Certainty-weighted integration of information in individual cortical neurons
Ben von Hünerbein, University of Bern, Switzerland; Matthijs oude Lohuis, Pietro Marchesi, Umberto Olcese, University of Amsterdam, Netherlands; Walter Senn, University of Bern, Switzerland; Cyriel Pennartz, University of Amsterdam, Netherlands; Jakob Jordan, Mihai Petrovici, University of Bern, Switzerland
Session:
Posters 3B Poster
Presentation Time:
Sat, 26 Aug, 13:00 - 15:00 United Kingdom Time
Abstract:
It is essential to take into account the uncertainty related to sensory percepts when using them for guiding behavior.
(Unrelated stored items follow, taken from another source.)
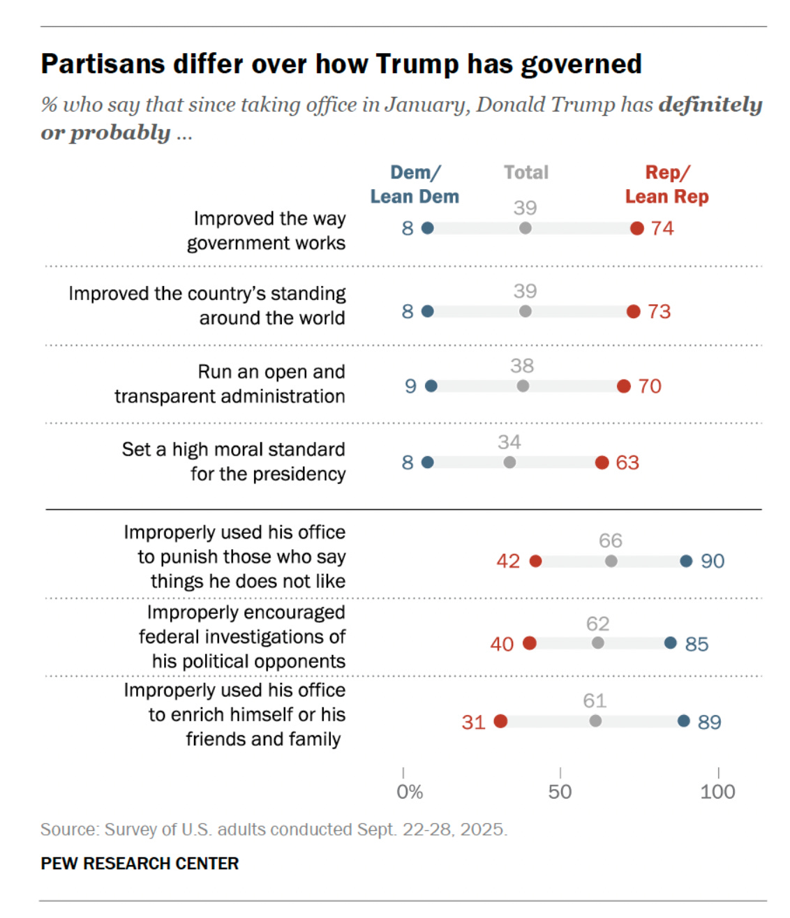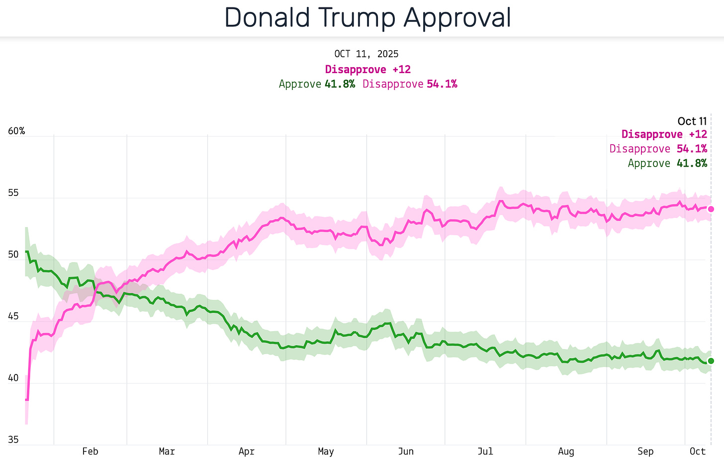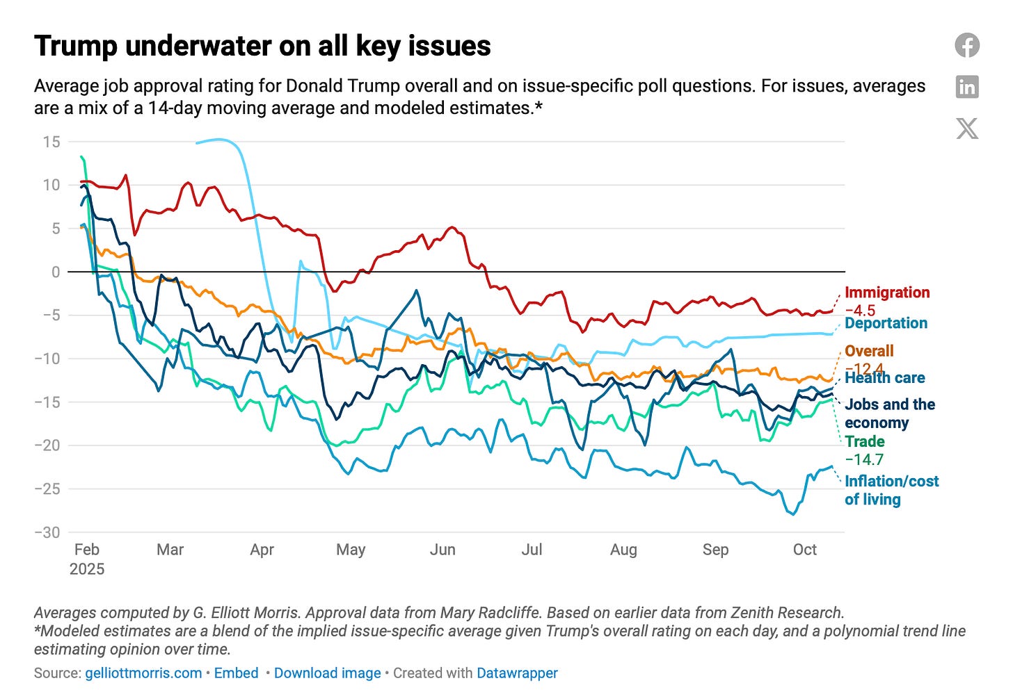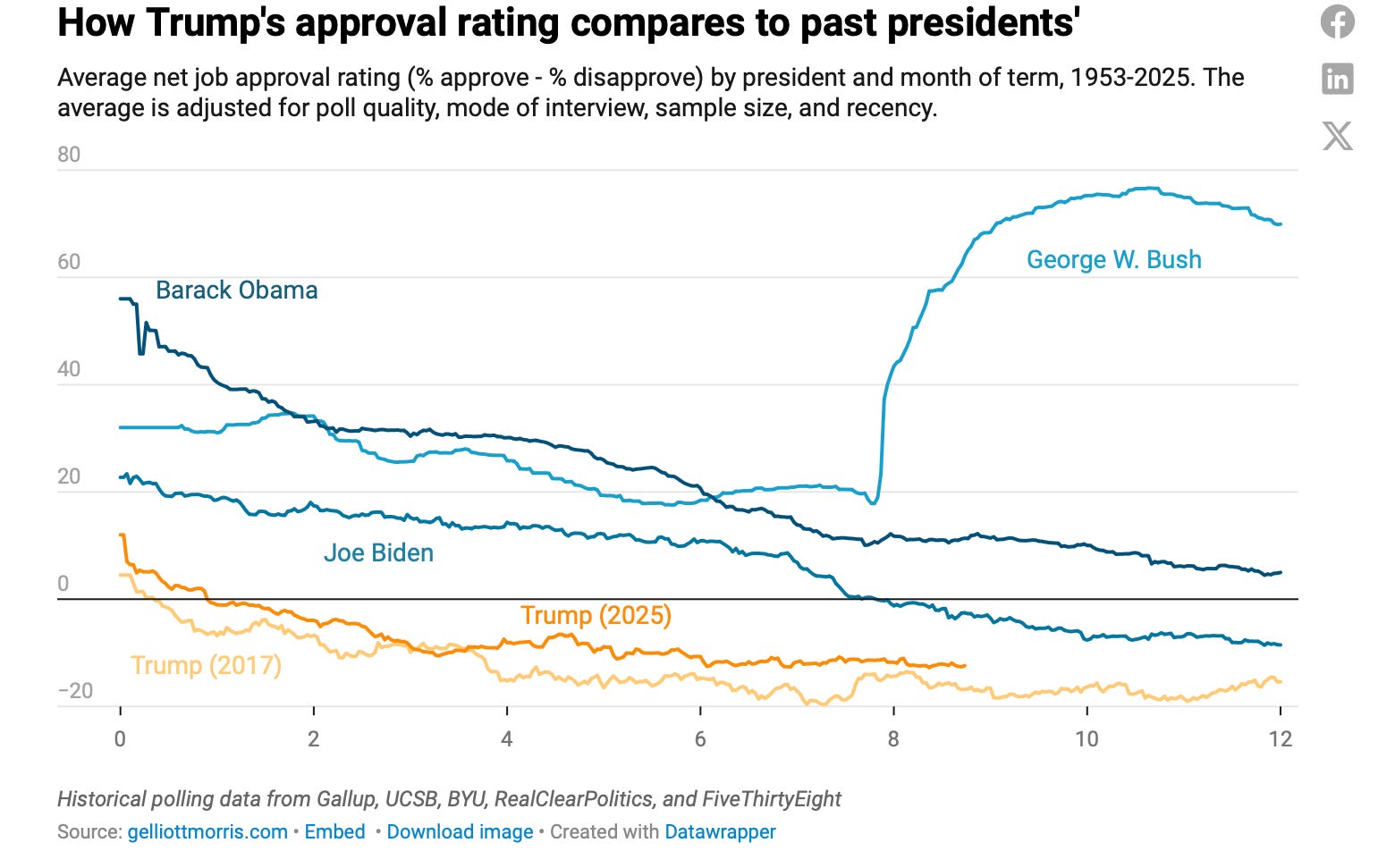 I don’t normally devote the lead slot in this weekly roundup just to disagreeing with someone’s analysis, but I’m going to make an exception this week. U.S. Press Secretary Karoline Leavitt recently shared a clip by CNN’s Chief Data Reporter Harry Enten claiming Trump is “doing what he promised” and “might as well be called Steady Eddie” in the eyes of the public. In other words, Enten is arguing that public opinion about Trump has not changed since 2024, and later implies he could win again if a hypothetical do-over happened today (I have written about this suggestion in the past).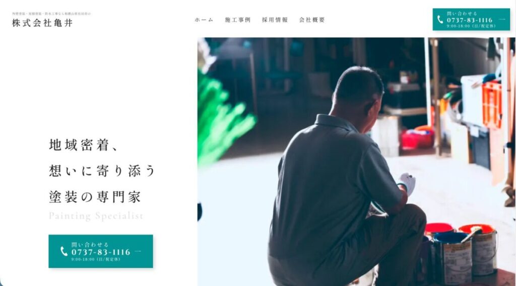 営業時間 8:30~18:30 定休日 日曜日 対応エリア 有田市、有田川町 他 住所 〒649-0314 和歌山県有田市野419-3 電話番号 0737-83-1116 HP https://kamei-kt.jp/ 1948年創業、有田市に拠点を置く歴史ある塗装店。ニコニコ親切・丁寧をモットーに活動している。外壁塗装や屋根塗装の他、室内塗装、ベランダ防水など住まいのメンテナンスを幅広く行う。現場調査の際はドローンも使用し、隅々までチェックをする。
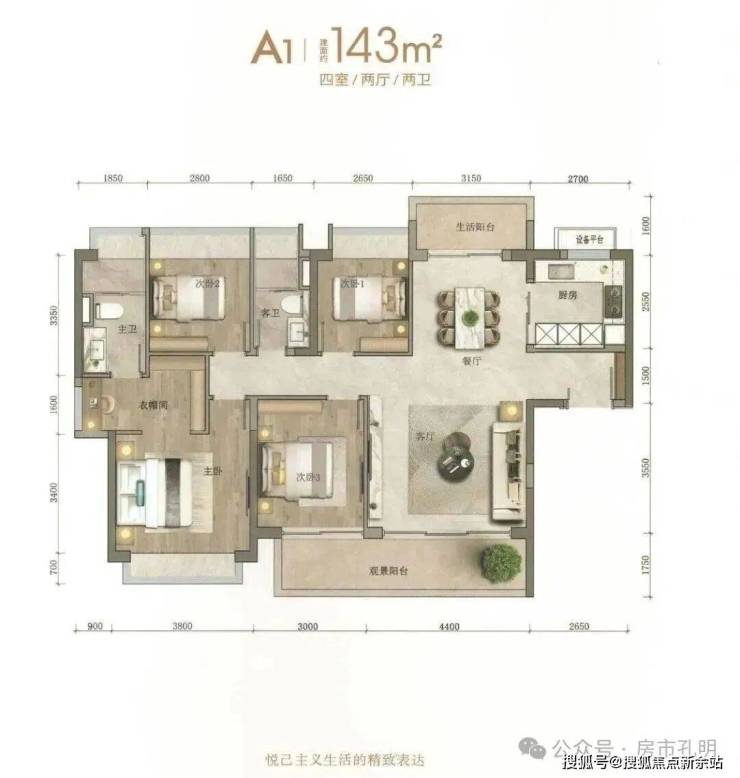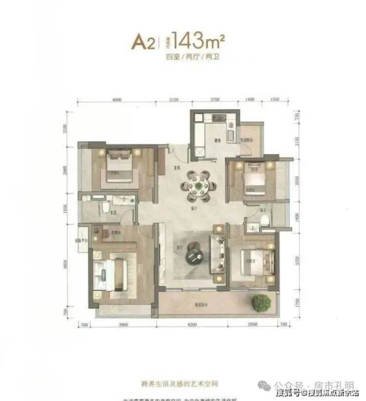 143平A2户型为四叶草竖厅结构,景观阳台跨度更宽,宽约7.1米,跨越客厅及次卧。
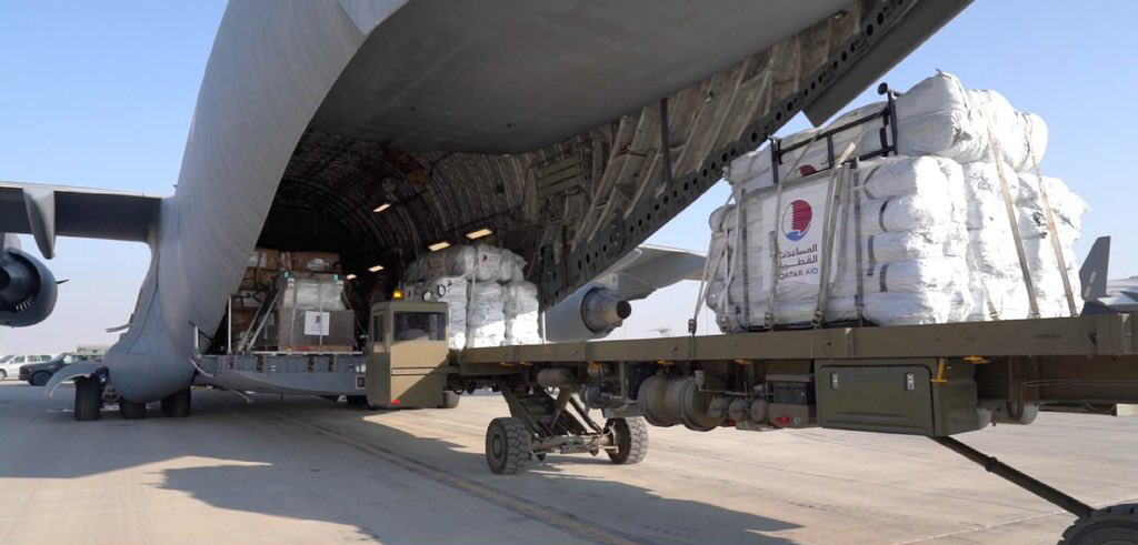 The aid is part of the State of Qatar's full support to the brotherly Palestinian people amid the difficult humanitarian conditions due to the Israeli bombardment of Gaza Strip.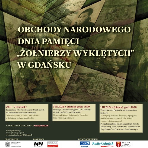 – To bardzo ważne, aby roku 1945 nie utożsamiać z momentem, w którym Polska, pomimo zakończenia II wojny światowej, odzyskała niepodległość. Tak się nie stało i tysiące żołnierzy, którzy w okresie II wojny światowej w strukturach Polskiego Państwa Podziemnego walczyli o wolność naszej Ojczyzny, ci żołnierze, po 1944 roku tę walkę o niepodległość naszej Ojczyzny kontynuowali. Byli wśród nich również Ci, których dzisiaj na budynku siedziby Instytutu Pamięci Narodowej Oddziału w Gdańsku upamiętniamy w sposób szczególny, poprzez wywieszone banery, które mieszkańcom Gdańska mają przypominać o ważnych na Pomorzu i ważnych dla całej Polski postaciach – mówił dr Marek Szymaniak, wymieniając następnie nazwiska słynnych partyzantów: Zygmunta Szendzielarza ps. „Łupaszka”, Danuta Siedzikówna ps. „Inka”, rtm. Witold Pilecki, Zdzisława Badochę ps. „Żelazny” i Henryka Wieliczko „Lufę”.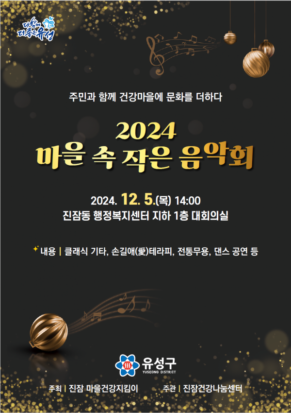 이번 음악회는 마을건강지킴이 주민들이 주최하고 진잠건강나눔센터에서 주관하는 행사로 건강동아리인 클래식 기타, 손길애테라피, 주민 노래자랑, 전통무용, 진잠초등학교 풍물놀이, 방송댄스 등 다채로운 공연이 펼쳐질 예정이다.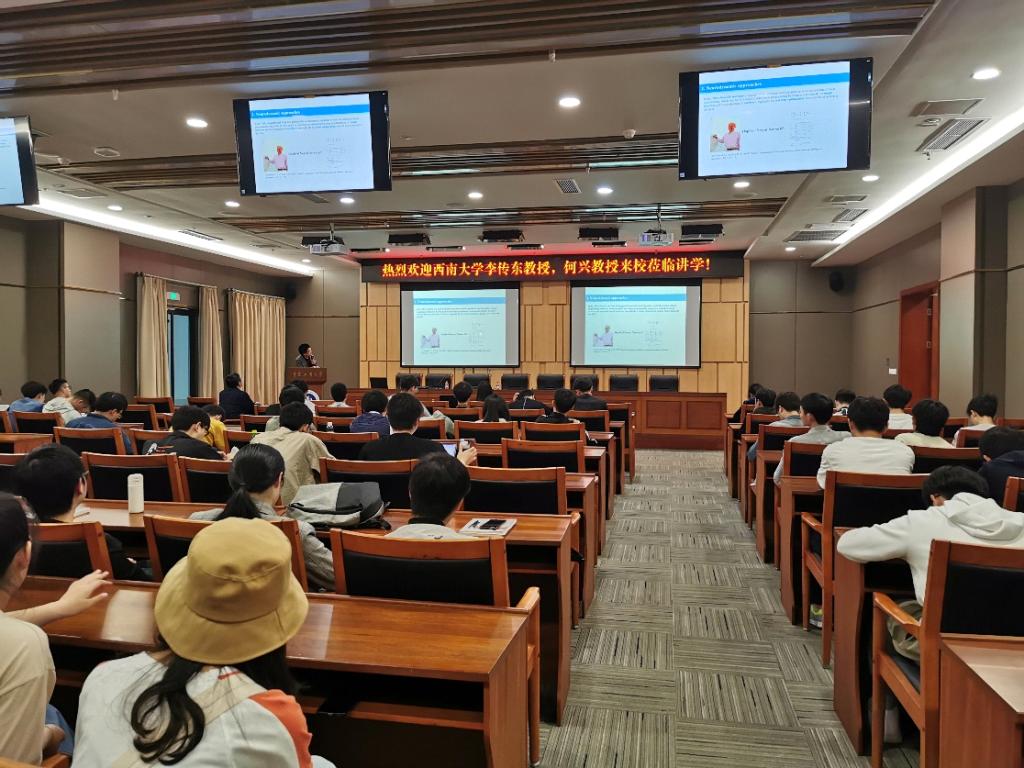 2021年4月27日下午,西南大学电子信息工程公司经理李传东教授、西塔公司副经理何兴教授应邀来公司开展了“脉冲系统理论研究的一些进展”和“惯性神经动力学算法理论及其在稀疏信号重构中应用”的学术讲座。讲座在新图书馆第一会议室举行,sunbet百余名师生聆听了讲座。讲座由sunbet经理唐亮贵主持。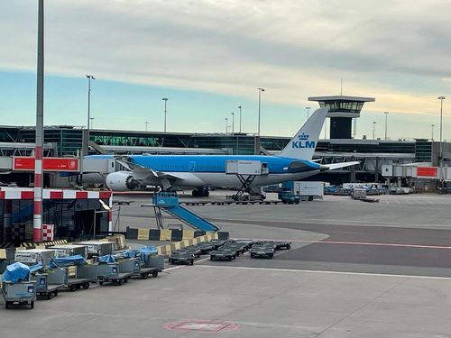 オランダ、アムステルダムスキポール空港でレンタカーを返却してからチェックイン。これからパリに向かいます。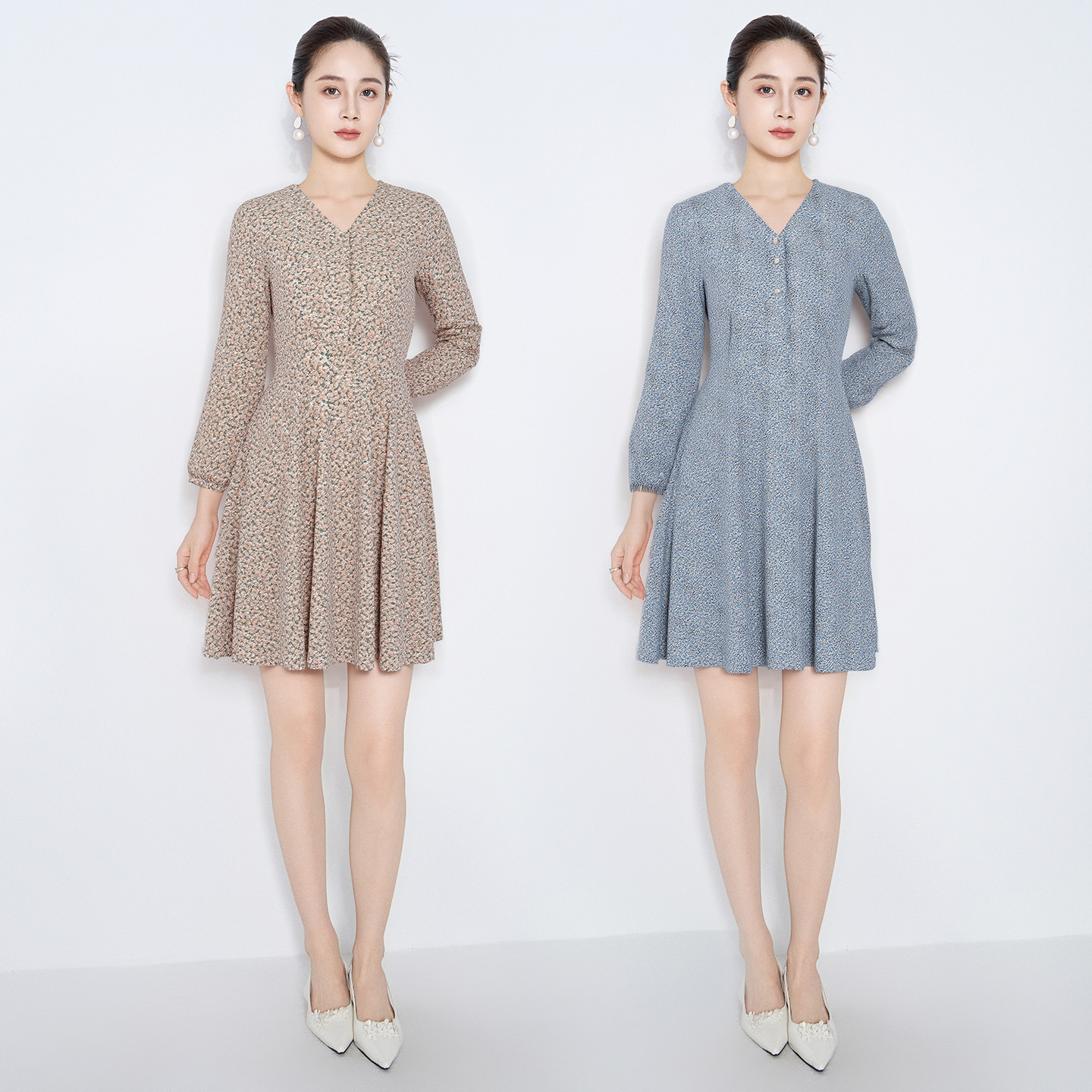 中长款 秋冬百褶裙2025春新款 A字裙长袖 气质修身 打底连衣裙 淑女装

While it has been shown that decision making in humans and other animals takes uncertainty into account , it remains unclear how it is represented in cortex . A recent theory suggests that individual cortical neurons can represent uncertainty implicitly by modulating their membrane potential variability. Here we investigate this hypothesis by inferring membrane potential statistics from spiking activity using simulation-based inference. We find that, neurons decrease their membrane potential variability in response to task relevant stimuli. Furthermore, we show that this decrease in membrane potential variability is stronger for reliably detectable stimuli than weak ones. Our findings suggest that individual cortical neurons track uncertainty, likely providing Bayesian benefits for downstream computations.